Problem 175
Fractions involving the number of different ways a number can be expressed as a sum of powers of 2
Define $f(0)=1$ and $f(n)$ to be the number of ways to write $n$ as a sum of powers of $2$ where no power occurs more than twice.
For example, $f(10)=5$ since there are five different ways to express $10$:
$10 = 8+2 = 8+1+1 = 4+4+2 = 4+2+2+1+1 = 4+4+1+1$
It can be shown that for every fraction $p/q (p>0, q>0)$ there exists at least one integer $n$ such that $f(n)/f(n-1)=p/q$.
For instance, the smallest $n$ for which $f(n)/f(n-1)=13/17$ is $241$.
The binary expansion of $241$ is $11110001$.
Reading this binary number from the most significant bit to the least significant bit there are $4$ one’s, $3$ zeroes and $1$ one. We shall call the string $4,3,1$ the Shortened Binary Expansion of $241$.
Find the Shortened Binary Expansion of the smallest $n$ for which
$f(n)/f(n-1)=123456789/987654321$.
Give your answer as comma separated integers, without any whitespaces.
与幂和表示有关的分数
记$f(0)=1$,$f(n)$为将$n$写成$2$的幂次的和且任意幂次出现不超过两次的方式数。

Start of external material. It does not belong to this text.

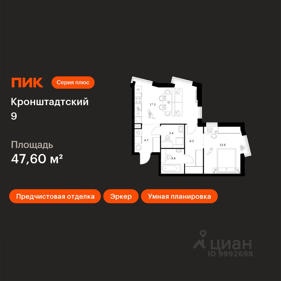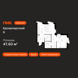 Продаётся 1-комн. квартира площадью 47,6 кв.м на 30 этаже 32 этажного дома (Корпус 1.1.3, Секция 3) проекта ПИК Кронштадтский 9. Светлый просторный подъезд на уровне земли, функциональная планировка, большие окна, предчистовая отделка.
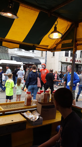 Great atmosphere. Plenty of room. Nice shops around the area. Wonderful food. I had the pulled pork on a pretzel bun. Yummy!

例如,$f(10)=5$,因为$10$恰好有$5$种不同的表示方式:
$10 = 8+2 = 8+1+1 = 4+4+2 = 4+2+2+1+1 = 4+4+1+1$
对于任意分数$p/q$(其中整数$p>0$,整数$q>0$),我们都能找到至少一个整数$n$,使得$f(n)/f(n-1)=p/q$。
例如,使得$f(n)/f(n-1)=13/17$的最小的$n$是$241$。
$241$的二进制表示为$11110001$。
从左往右读这个二进制串我们得到$4$个$1$,$3$个$0$,再$1$个$1$。因此,我们称数字串$4,3,1$是$241$的简式二进制表示。
找出满足下式的最小的$n$的简式二进制表示:
$f(n)/f(n-1)=123456789/987654321$.
你的答案应当用半角逗号“,”隔开各个整数,且没有任何空格。